Fishing & Aquaculture
The Moray Firth supports mackerel, herring, cod and haddock, flatfish, rays and sharks. The firth is the most important plaice spawning ground in the North Sea. It is also an important nursery area for herring. The fishery of Norway lobster is now of particular importance. Other commercial species include squid, scallops, crabs and lobster.
A study of the waters off Culbin Sands observed that many species such as flatfish and bottom feeders like the cod family move out to the sea in autumn and return every summer in the breeding season. Other fish – such as goby and stickleback – remain all year round, alongside shrimps, shore and hermit crabs.
The Marine Scotland Inshore Fisheries Strategy 2015 outlines the vision to support the development of a more sustainable, profitable and well-managed inshore fisheries sector in Scotland.

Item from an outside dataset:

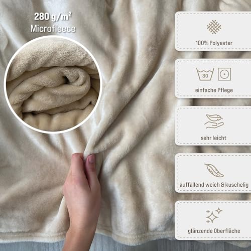 🧸FLAUSCHIG – Die Decke leer 100% Polyester Microfleece (280 g/m²) ist samtig weich, langlebig und pflegeleicht. Mit ihrem umgenähten Rand und großzügigen Maßen von 150 x 200 cm verspricht sie höchsten Komfort.

Marine Scotland aim to do this by modernising the management of our inshore fisheries in Scotland and reaping long-term sustainable rewards for the inshore sector, the marine environment and our coastal communities.
The Moray Firth Partnership will work with the North & East Coast Regional Inshore Fisheries Group (NECRIFG) to identify areas where we can add value to the work of the group, highlight competing and complementary marine priorities and help provide sustainable solutions in support of the Fisheries Management Plan which aims to deliver:-
- Sustainable fishing in inshore waters 0-6nm
- A more profitable inshore sector
- Well managed inshore fisheries
Marine Scotland is responsible for controlling the activities of all fishing vessels operating within the Moray Firth out to 200nm. It is also responsible for managing and controlling the activities of Scottish vessels wherever they may fish – including fishing effort and quota. More information on the role of the Scottish Government & Marine Scotland can be found on their website.

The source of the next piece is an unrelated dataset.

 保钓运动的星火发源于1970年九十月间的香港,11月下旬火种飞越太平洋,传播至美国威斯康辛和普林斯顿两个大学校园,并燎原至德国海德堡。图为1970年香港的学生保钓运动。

We will work with the Scottish Fisherman’s Federation who are dedicated to preserving and promoting the collective interests of Scottish fisherman’s association whilst ensuring a sustainable future for our fisheries.
Shellfish cultivation also takes place in the Moray Firth and we share the vision of the Aquaculture 2030 Strategy of a thriving seafood sector.

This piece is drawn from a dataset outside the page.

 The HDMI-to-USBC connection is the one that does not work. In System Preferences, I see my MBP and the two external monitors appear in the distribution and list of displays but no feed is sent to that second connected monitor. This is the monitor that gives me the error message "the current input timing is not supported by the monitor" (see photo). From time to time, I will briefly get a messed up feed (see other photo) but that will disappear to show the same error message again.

Our Vision is for the local fishing and aquaculture industry to have pioneered progressive initiatives that address environmental and economic stability, with the Moray Firth celebrated for its responsibly sourced, quality seafood.
To do this we will work with individuals, businesses and organisations involved in the fishing and aquaculture sector, to promote environmental sustainability, highlighting and addressing issues in a collaborative way.
In looking to promote sustainable managed sourcing of seafood we recommend the Marine Conservation Society’s Good Fish Guide.